→ **About this task**: Below is a listing; repeat exactly the lines from the one containing "脱衣所の壁面には湿度調整をしてくれる「エコカラット」が貼られています。" to the one containing "- All-Weather Dual-Layer", both included.

→ **Data provided**:
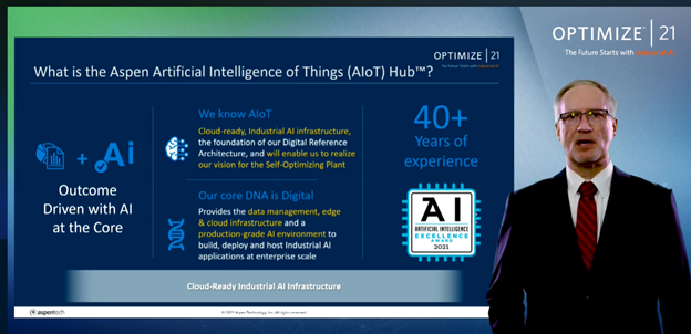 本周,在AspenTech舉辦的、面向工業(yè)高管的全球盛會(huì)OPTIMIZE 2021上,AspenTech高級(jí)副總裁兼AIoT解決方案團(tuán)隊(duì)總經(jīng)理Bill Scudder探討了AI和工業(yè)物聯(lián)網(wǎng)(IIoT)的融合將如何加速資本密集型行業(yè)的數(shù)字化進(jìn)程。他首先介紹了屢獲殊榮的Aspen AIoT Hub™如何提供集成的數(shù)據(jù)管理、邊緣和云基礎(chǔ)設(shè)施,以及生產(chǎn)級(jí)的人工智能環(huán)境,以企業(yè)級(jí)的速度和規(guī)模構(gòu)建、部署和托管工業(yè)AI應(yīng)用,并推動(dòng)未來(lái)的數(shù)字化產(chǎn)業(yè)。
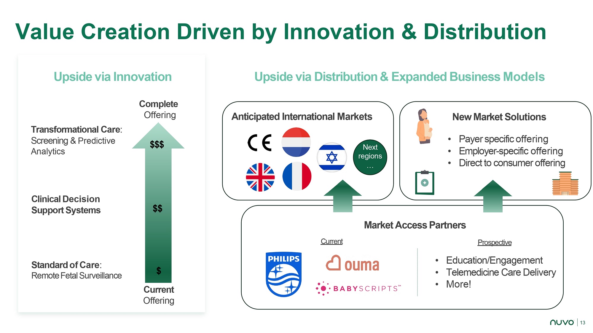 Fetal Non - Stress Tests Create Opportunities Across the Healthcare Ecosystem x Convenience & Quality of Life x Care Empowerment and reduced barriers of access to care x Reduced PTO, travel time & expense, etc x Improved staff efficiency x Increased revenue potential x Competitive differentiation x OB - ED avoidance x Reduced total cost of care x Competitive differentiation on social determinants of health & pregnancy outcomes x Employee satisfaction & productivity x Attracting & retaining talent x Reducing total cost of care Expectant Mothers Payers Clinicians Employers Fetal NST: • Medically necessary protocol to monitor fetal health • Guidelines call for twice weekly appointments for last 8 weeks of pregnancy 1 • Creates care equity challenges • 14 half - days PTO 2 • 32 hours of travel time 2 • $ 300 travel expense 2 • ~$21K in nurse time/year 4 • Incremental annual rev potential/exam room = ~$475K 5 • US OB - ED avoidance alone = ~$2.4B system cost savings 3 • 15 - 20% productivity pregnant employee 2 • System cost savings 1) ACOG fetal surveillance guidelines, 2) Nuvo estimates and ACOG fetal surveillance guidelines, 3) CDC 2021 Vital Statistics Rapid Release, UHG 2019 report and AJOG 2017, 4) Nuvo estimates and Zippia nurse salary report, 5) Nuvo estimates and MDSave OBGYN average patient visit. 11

---

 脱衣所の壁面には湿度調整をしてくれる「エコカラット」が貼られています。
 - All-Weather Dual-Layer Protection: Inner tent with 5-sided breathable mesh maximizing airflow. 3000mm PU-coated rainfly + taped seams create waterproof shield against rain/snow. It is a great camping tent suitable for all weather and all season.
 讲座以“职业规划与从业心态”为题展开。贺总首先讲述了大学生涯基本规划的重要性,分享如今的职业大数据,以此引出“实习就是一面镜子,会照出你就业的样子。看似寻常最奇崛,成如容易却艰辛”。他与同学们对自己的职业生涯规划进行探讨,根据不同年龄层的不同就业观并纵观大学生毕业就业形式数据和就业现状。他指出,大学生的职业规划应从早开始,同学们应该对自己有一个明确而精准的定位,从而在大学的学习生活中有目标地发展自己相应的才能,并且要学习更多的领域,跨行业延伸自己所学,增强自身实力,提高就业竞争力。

→ **Response area**:
 脱衣所の壁面には湿度調整をしてくれる「エコカラット」が貼られています。
 - All-Weather Dual-Layer Protection: Inner tent with 5-sided breathable mesh maximizing airflow. 3000mm PU-coated rainfly + taped seams create waterproof shield against rain/snow. It is a great camping tent suitable for all weather and all season.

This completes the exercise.